Function Differences with torch.nn.functional.normalize

torch.nn.functional.normalize

torch.nn.functional.normalize(
    input,
    p=2,
    dim=1,
    eps=1e-12,
    out=None
)

For more information, see torch.nn.functional.normalize.

mindspore.ops.L2Normalize

class mindspore.ops.L2Normalize(
    axis=0,
    epsilon=1e-4
)(input_x)

For more information, see mindspore.ops.L2Normalize.

Differences

PyTorch: Supports using the LP paradigm by specifying the parameter p. The calculation formula is input as the numerator, and the sum of the squares of the input is taken as the square root first, and then the max corresponding to epsilon is obtained as the denominator. The function definition is as follows:

\[ v = \frac{v}{\max(\lVert v \rVert_p, \epsilon)}. \]

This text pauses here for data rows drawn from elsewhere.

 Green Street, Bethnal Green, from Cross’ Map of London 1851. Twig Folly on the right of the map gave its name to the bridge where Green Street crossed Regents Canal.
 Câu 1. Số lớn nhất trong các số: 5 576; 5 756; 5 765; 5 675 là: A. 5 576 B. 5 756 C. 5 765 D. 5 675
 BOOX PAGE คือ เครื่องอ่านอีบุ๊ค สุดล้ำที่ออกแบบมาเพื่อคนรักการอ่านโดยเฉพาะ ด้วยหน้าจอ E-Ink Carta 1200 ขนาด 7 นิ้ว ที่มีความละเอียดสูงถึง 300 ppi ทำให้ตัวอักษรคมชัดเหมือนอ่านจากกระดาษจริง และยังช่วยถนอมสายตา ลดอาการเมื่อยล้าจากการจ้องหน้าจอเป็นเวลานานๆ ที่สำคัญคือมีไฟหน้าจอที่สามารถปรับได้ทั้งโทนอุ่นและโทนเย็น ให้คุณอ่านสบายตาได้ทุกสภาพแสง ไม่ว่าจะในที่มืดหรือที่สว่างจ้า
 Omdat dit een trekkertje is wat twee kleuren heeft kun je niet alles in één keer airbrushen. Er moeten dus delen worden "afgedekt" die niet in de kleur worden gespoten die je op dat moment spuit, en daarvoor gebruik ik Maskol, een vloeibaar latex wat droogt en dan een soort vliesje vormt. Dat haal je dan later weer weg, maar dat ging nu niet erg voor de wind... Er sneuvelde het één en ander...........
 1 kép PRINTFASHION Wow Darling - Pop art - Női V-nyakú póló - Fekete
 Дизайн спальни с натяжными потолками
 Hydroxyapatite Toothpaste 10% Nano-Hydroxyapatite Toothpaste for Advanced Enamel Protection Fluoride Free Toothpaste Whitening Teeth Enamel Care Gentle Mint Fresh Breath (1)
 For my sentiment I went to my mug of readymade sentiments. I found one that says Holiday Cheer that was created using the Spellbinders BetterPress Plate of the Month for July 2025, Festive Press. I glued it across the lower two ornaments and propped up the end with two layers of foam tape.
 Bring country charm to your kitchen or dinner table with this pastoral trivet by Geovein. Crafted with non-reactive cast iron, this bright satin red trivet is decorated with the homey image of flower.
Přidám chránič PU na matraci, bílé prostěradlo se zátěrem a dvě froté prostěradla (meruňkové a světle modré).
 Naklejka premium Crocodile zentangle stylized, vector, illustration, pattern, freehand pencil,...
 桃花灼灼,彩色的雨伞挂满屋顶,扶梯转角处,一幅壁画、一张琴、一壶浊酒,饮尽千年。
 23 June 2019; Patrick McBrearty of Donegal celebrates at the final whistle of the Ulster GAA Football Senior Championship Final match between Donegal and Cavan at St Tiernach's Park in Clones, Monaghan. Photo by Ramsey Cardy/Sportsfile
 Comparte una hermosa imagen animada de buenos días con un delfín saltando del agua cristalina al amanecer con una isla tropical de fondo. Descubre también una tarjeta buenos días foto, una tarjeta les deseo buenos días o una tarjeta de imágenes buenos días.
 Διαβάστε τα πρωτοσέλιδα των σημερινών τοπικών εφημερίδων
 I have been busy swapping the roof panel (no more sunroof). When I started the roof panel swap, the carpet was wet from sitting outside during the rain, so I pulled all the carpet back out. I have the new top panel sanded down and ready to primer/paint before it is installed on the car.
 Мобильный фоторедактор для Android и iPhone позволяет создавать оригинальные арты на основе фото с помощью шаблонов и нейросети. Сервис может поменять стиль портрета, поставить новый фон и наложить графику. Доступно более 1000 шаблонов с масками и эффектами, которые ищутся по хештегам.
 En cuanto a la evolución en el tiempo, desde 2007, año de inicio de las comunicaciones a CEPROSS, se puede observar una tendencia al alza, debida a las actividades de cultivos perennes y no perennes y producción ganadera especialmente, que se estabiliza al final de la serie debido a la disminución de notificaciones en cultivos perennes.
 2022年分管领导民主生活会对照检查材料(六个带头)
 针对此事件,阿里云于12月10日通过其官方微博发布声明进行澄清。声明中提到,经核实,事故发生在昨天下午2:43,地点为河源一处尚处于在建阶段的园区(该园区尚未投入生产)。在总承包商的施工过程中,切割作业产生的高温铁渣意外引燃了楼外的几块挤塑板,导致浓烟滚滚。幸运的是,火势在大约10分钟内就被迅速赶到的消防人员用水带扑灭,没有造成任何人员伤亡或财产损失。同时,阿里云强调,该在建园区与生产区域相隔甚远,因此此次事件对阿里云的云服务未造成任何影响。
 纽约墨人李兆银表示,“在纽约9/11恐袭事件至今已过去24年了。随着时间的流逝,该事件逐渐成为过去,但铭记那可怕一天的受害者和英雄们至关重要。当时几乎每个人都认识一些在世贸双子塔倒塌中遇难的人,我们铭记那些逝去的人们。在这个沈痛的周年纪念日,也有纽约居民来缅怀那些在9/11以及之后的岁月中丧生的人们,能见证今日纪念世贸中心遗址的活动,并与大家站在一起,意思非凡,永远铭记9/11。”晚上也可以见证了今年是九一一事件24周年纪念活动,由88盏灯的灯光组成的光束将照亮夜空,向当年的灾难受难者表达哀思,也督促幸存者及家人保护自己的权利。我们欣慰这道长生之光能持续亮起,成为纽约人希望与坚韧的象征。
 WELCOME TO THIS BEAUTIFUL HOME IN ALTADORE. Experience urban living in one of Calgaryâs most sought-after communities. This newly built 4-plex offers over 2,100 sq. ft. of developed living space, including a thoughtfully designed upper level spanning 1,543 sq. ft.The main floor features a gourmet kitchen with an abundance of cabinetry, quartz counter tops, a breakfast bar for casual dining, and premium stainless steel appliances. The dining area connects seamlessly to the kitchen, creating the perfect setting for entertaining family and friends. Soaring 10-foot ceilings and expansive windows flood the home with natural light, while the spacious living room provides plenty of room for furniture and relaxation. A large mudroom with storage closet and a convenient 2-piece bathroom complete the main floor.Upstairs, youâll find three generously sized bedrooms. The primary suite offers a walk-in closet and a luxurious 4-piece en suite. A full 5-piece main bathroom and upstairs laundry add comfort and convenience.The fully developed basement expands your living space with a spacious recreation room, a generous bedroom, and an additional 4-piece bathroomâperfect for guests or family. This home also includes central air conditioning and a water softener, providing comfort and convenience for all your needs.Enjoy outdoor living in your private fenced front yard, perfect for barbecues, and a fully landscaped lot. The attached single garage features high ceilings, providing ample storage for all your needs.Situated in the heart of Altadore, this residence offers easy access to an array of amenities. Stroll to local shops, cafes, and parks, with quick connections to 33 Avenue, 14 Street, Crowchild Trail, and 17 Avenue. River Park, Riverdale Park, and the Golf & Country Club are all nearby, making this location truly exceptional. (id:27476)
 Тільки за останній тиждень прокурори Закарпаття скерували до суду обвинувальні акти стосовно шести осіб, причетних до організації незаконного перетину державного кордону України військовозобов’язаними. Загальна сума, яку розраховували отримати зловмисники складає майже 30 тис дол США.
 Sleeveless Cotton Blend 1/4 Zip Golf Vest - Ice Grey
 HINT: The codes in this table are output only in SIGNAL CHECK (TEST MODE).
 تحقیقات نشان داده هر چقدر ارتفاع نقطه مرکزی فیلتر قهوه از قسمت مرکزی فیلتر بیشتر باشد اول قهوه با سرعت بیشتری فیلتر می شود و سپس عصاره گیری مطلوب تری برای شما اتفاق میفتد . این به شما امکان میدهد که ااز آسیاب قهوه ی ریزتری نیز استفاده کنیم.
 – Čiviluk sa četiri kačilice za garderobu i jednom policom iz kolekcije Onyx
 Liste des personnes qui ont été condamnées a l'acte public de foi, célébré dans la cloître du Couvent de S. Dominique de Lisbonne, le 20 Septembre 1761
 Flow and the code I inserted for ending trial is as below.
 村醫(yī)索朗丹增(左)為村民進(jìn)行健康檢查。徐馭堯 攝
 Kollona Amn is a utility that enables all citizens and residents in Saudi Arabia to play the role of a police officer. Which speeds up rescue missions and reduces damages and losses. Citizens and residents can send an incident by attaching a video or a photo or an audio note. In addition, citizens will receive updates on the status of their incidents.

MindSpore: Only L2 paradigm is supported. The calculation formula is input as the numerator, and the sum of the squares of the input first finds the max corresponding to epsilon, and then takes the square root as the denominator. The function definition is as follows:

\[ \displaylines{{\text{output} = \frac{x}{\sqrt{\text{max}( \sum_{i}^{}\left | x_i \right | ^2, \epsilon)}}}} \]

Due to differences in calculation formulas, there are differences in calculation results under certain inputs.

Code Example 1import mindspore as ms
import mindspore.ops as ops
import torch
import numpy as np

# In MindSpore, you can directly pass data into the function, and the default dimension is 0.
l2_normalize = ops.L2Normalize()
input_x = ms.Tensor(np.array([1.0, 2.0, 3.0]), ms.float32)
output = l2_normalize(input_x)
print(output)
# [0.2673 0.5345 0.8018]

# In torch, parameter p should be set to determine it is a lp normalization, and the default dimension is 1.
input_x = torch.tensor(np.array([1.0, 2.0, 3.0]))
outputL2 = torch.nn.functional.normalize(input=input_x, p=2, dim=0)
outputL3 = torch.nn.functional.normalize(input=input_x, p=3, dim=0)
print(outputL2)
# tensor([0.2673, 0.5345, 0.8018], dtype=torch.float64)
print(outputL3)
# tensor([0.3029, 0.6057, 0.9086], dtype=torch.float64)

Code Example 2

There are differences in the calculation formulas of the two APIs. When the input data is particularly small, there will be huge differences in results.

import mindspore as ms
import mindspore.ops as ops
import torch
import numpy as np

# In MindSpore, you can directly pass data into the function, and the default dimension is 0.
l2_normalize = ops.L2Normalize()
input_x = ms.Tensor(np.array([1.0 * 1e-10, 2.0 * 1e-10, 3.0 * 1e-10]), ms.float32)
output = l2_normalize(input_x)
print(output)
# [1.e-08 2.e-08 3.e-08]

# In torch, parameter p should be set to determine it is a lp normalization, and the default dimension is 1.
input_x = torch.tensor(np.array([1.0 * 1e-10, 2.0 * 1e-10, 3.0 * 1e-10]))
outputL2 = torch.nn.functional.normalize(input=input_x, p=2, dim=0)
outputL3 = torch.nn.functional.normalize(input=input_x, p=3, dim=0)
print(outputL2)
# tensor([0.2673, 0.5345, 0.8018], dtype=torch.float64)
print(outputL3)
# tensor([0.3029, 0.6057, 0.9086], dtype=torch.float64)